I found this awesome and not too sweet Oatmeal cake while surfing the web awhile back and had to make it! My grandmother made one similar quite often. It was always one of my favorites! I’ve made a few changes to accommodate our tastes and we think it turned out even better than the original.
Oatmeal and coconut go together so well. The cake is over-the-top scrumptious with an incredibly moist batter and ooey gooey coconut topping that self ices the cake. Once cooled, the topping becomes caramel-like and sticky seeping deep into the cake!

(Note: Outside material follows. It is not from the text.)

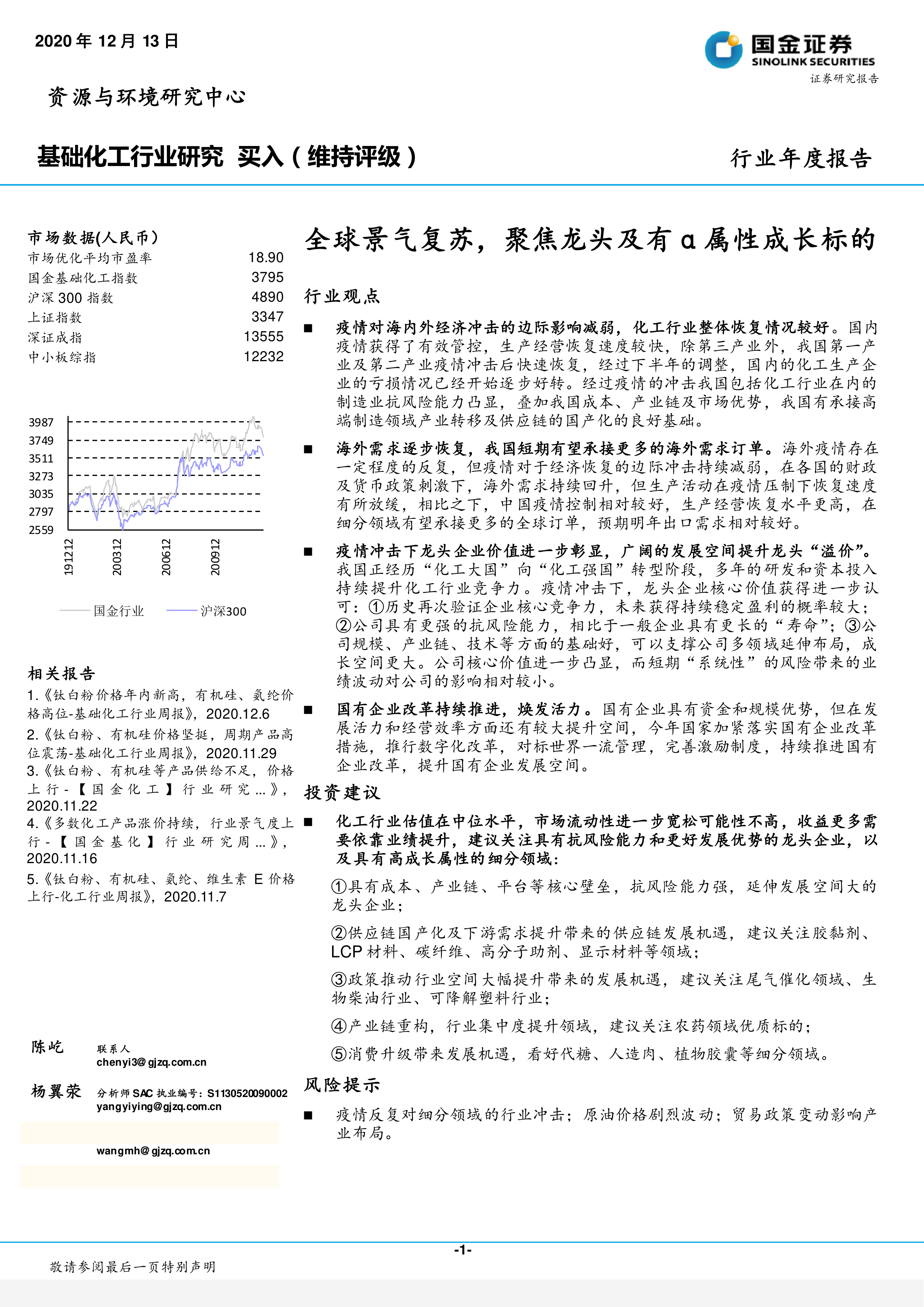 基础化工行业研究:全球景气复苏,聚焦龙头及有α属性成长标的

The recipe is for a 9×13 pan, but it halves well for an 8×8 if you want a smaller cake.
MAPLE CINNAMON OATMEAL CAKE with OOEY GOOEY COCONUT TOPPING
1 1/4 cup boiling water
1 cup OLD FASHIONED oats
1/2 cup butter, room temperature
1 cup white sugar
1 cup brown sugar, firmly packed
1 teaspoon vanilla
1 teaspoon lemon juice
2 tablespoons PURE maple syrup
1/3 cup golden raisins
2 teaspoons baking powder
1/4 teaspoon baking soda
1 teaspoon ground cinnamon
1 1/2 cups AP flour
1/2 teaspoon salt
- Preheat oven to 350°.
- Pour boiling water over oats in a small bowl. Allow to sit for 15 minutes.
- Cream together butter and sugars. Add eggs. Beat well.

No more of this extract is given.